In the years before hooking up with Stevie Nicks and Lindsey Buckingham, Fleetwood Mac was a plodding and increasingly irrelevant UK blues act that was chronically unable to hang on to a succession of gifted guitarists – from Peter Green to Jeremy Spencer to Danny Kirwan. They seemed destined for the dustbin of rock ‘n’ roll history – until Americans Nicks and Buckingham breathed new life into the band with their folk tinged, moody So-Cal sound, a life that continues to resonate loudly all these years later.
The band knocked the evening’s first chunk off the old ball of rock with The Chain, one of nine songs the band played off their 1977 magnum opus Rumours, and a reminder of the value of relationships through the years. Given the band’s storied and sordid internal history, the rhythmic tribal drumming, resplendent chorus, and energetic performance was evidence enough for the band’s current degree of musical viability. These aren’t spring chickens here – the average age of this band is 67.5, with Lindsey Buckingham tipping the young end of the scale at the OAS-receiving age of 65 – yet they sounded fresh and full of life, as if to tell us that living in yesterday is doing a pretty good job of keeping these guys alive today.
When your head is in the clouds, your feet aren’t always on the ground, as evidenced by Stevie Nicks in her little mid-set tale about her rise to rock stardom. Without the tiniest smidgeon of irony, she excitedly told the overwhelmingly middle aged crowd that they could live their dreams, too, and be rock stars if they wanted. I wonder how many 56-year-olds in the crowd planned to take her up on that one.

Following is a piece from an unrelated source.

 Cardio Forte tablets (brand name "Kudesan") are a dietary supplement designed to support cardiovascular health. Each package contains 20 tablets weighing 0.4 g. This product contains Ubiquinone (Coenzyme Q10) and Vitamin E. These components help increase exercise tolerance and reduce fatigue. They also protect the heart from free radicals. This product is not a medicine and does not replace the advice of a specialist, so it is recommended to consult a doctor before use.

Philosophers – or realists – they aren’t, but musicians with significant pedigree they are. Their two-plus hour set focused mostly on songs from only two albums – including 1975’s self titled release – and as such was an easy listener’s wet dream. As the band effortlessly drove their way from Dreams to Rhiannon and back, Christine McVie – her 22nd show since reuniting with the band earlier this year – looked classy even with her understated stage presence, and sounded even better on Say You Love Me and You Make Loving Fun, a potential bomb of Captain & Tennille proportions for those of lesser ability and experience than her.
Band members seemed to know their roles, letting the other shine when it was their time, and coming in the spotlight when if was their turn. Nicks had her moments during Gypsy and Gold Dust Woman, trading off the image she has cultivated for herself over the years. If style could be trademarked, Loreena McKennitt would be sued for copyright infringement. “Iconic” is one of the few words to describe Nicks.

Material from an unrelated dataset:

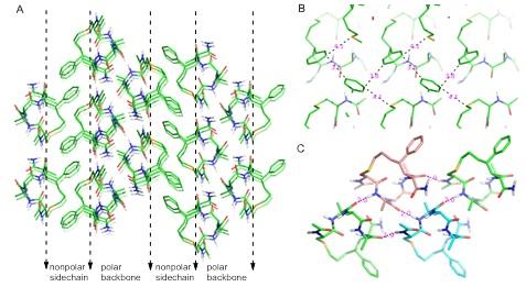接下來他們對多肽自組裝的機理進行了研究。通過與北京大學深圳研究生院兩個課題組的合作,對多肽組裝結構進行了晶型預測,得到了多肽分子的組裝模型。該模型顯示出了和實驗結果良好的一致性。結果表明,多肽分子間的π-π相互作用,S-π 相互作用,以及氫鍵網(wǎng)絡驅動了多肽分子的組裝。在多肽組裝體中,極性和非極性界面依次形成,且每兩個極性層的偶極子方向相反,這樣使組裝體內(nèi)部的偶極相互作用得以相互抵消,進一步穩(wěn)定了組裝體。這也是該領域首次報道S-π 相互作用參與多肽自組裝的例子。

Buckingham, by far the most energetic member of the band, took off on numerous instrumental excursions – acoustic during Never Going Back Again, and electric during the minor chord driven tour de force I’m So Afraid. With his bizarre finger flicking picking style, it’s amazing how he is able to fret some of those notes accurately. Rest assured, thanks to Jumbotron, that was him blazing away in a solo that moodily wound its way up and around a spiral staircase into sheer musical ecstasy. Deservedly, the song’s completion brought the crowd to its feet.
The production company responsible for the projection screens above and behind the band deserves praise for stylish, sumptuous use of warm colours, and breathtakingly beautiful background imagery that was clearly constructed to evoke the particular mood of the song in mind. For a band whose members don’t move around much, the warm, arresting images definitely made for a more evocative performance. The show looked as fantastic as it sounded.
Fleetwood Mac’s success is akin to the success of self help books. People seem to have a bottomless desire to hear simple universal messages over and over and over again: Go your own way, don’t stop thinking about tomorrow, live your dreams, yes, we get it. While some may knock the redundancy in the art form, you can’t fault the band for playing to their strengths.